なぜか生きづらくなっている世の中に気づいたという前書きに、思わずうなずいてしまいます。
やはり女子供にはしわ寄せが来やすいんですよね…
読んでいる作品がほとんどかぶってるのでわかりやすいですが、とてもこんなに細部を明確に覚えていないですねえ…

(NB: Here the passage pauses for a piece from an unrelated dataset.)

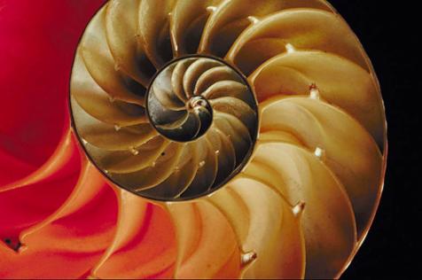 The naturally realised equivalent to the golden ratio's infinitely continued fraction effect is nicely demonstrated in the logarithmic spirals of a nautilus mollusk as shown in the picture below. These spirals extend outwards in proportions very close to that of j. This is more than just coincidence. Nature - specifically the process of natural selection - unconsciously but very much non-randomly, converges upon this number as a way of optimising the growth of various organisms which have the same dilemmas as all living organisms, namely, how to optimise growth when constrained by limited space and resources.
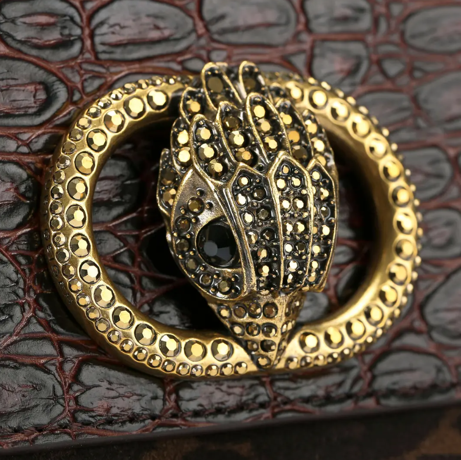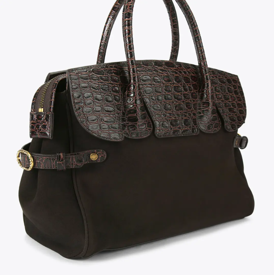 This Large Tote Bag is crafted from a dark brown suede leather and the flap is embossed in a croc embossed style. There is an antiqued brass oval trim with eagle head at the centre embellished with crystals.

大島弓子の作品については、母親の存在が大きいという指摘。
う~ん、確かにそうなんだけど、それだけだったか…魅力は優しい絵柄、繊細なペンタッチ、細かな表情と独特なせりふの積み重ね、コマの配置やその間など、言葉に出来ない部分が多いんですよね。
弱いようでみずみずしく鮮烈な…
初期作品「誕生」の熱っぽさからもわかるように、母親へのこだわりも確かに感じます。
「フロイト式蘭丸」の過渡的な母親役の意味には、思わず納得。
「七月七日に」など、血のつながりのない親子への思い入れに共感して読んでいたような気がします。
なんだか思い出しきれない細部が気になってしまいますねえ。

アダルトチルドレンについても鋭い指摘が。
何もかもトラウマのせい、あるいは親のせいにして、いつまでもそこで停滞しているんじゃ困りますよね。
まあ~程度問題ですけどね?

「男流文学論」への批判が的はずれなことを説明するくだりに苦笑。
男性のする批評で、ありがちなやり方というのがあるようです。
女性の盲点をついたつもりが、男性の盲点を露呈してるんでしょう。